Cocktail party math
Mathematicians bring new life to an old party
When you attend upcoming holiday parties, pay special attention to the noise around you. With all the voices, all the clinking glasses and plates, and all the cheery holiday tunes, you might find it tough to focus on just one conversation.
MU mathematicians Peter Casazza and Dan Edidin have spent plenty of time pondering this problem. No, they’re not trying to eavesdrop on your party chatter. But others — law enforcement surveillance crews, homeland security agents and 911 operators, for example — have plenty of interest in finding the most effective way to pick out individual voices among crowds.
Engineers have been trying to solve this so-called “Cocktail Party Problem” since the 1950s.
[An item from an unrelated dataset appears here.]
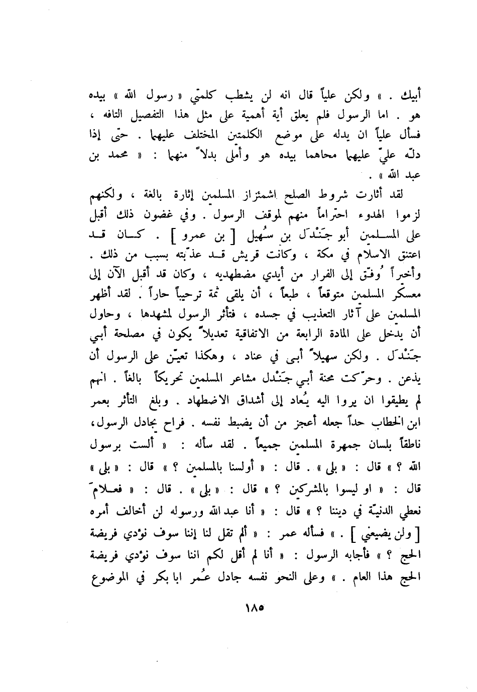 أبيك.» ولكن عليا قال انه لن يشطب كلمتي «رسول الله» بيده هو. اما الرسول فلم يعلق أية أهمية على مثل هذا التفصيل التافه، فسأل عليا ان يدله على موضع الكلمتين المختلف عليهما. حتى إذا دلّه عليّ عليهما محاهما بيده هو وأملى بدلا منهما: «محمد بن عبد الله» .

Now Casazza and Edidin, working with Siemens Corporate Research, have helped move a solution one step closer to reality.
What is done and what remains
The Cocktail Party Problem is complex, but at its most basic it comes down to a question: Can you separate individual voices out of a crowd and retain their distinct vocal characteristics?
The most common method to do this is called “signal reconstruction with noisy phase.” This process allows a recording to retain the characteristics of a person’s voice, but it also tends to include some distracting background noise.
“Engineers have conjectured for 40 or 50 years that you should be able to do signal reconstruction without noisy phase,” Casazza says. “If you could do signal reconstruction without noisy phase, then the noise wouldn’t bother you.” Casazza and Edidin now have proved, through a mathematical solution, that the engineers were right.
Casazza is quick to point out that he and Edidin have not solved the Cocktail Party Problem. They have proved part of it and helped pave the way for a practical solution. But in Casazza’s mind, it isn’t truly solved until engineers can develop a product that accurately and consistently does the job. That’s why he is trying to develop an algorithm that works with Siemens software so that engineers there can take the work further.
“It’s an engineering problem; engineers have to solve it,” Casazza says. “All we can do is provide mathematics for them to solve it.”
The problematic tie that binds
Casazza and Edidin’s work has made headlines, but Casazza thinks the bigger news came as an offshoot of that work. In working on the Cocktail Party Problem, he came across an unexpected nemesis: the Kadison-Singer Problem.
Kadison-Singer is an open (unsolved) problem that was officially posed in 1959. It is a less public-friendly problem because of its sheer complexity, but it is legendary in math and science circles.
When Casazza spotted Kadison-Singer in his own work, it set off a chain reaction. Casazza and his wife, fellow MU mathematician Janet Tremain, have since shown that Kadison-Singer is equal to several other unsolved problems in 12 different fields — from pure mathematics to applied mathematics and engineering. In other words, the same problem has been puzzling bright minds in 12 different forms for nearly 50 years.
The problem remains unsolved, but Casazza and Tremain’s work has so much significance that it earned publication in the Proceedings of the National Academy of Sciences, one of the toughest places for mathematicians to get published, Casazza says. It’s the first such publication for an MU mathematician since 1949.
The work also has brought together top researchers from varied fields. Most of these researchers — usually segmented by academic disciplines — had not met each other before. Many had left their own version of Kadison-Singer for dead or unsolvable. At a September 2006 conference sponsored by the American Institute of Mathematics, one attendee summed up the result of Casazza and Tremain’s discovery: “Pete has opened the coffin. Now we have to decide what we are going to do about it.”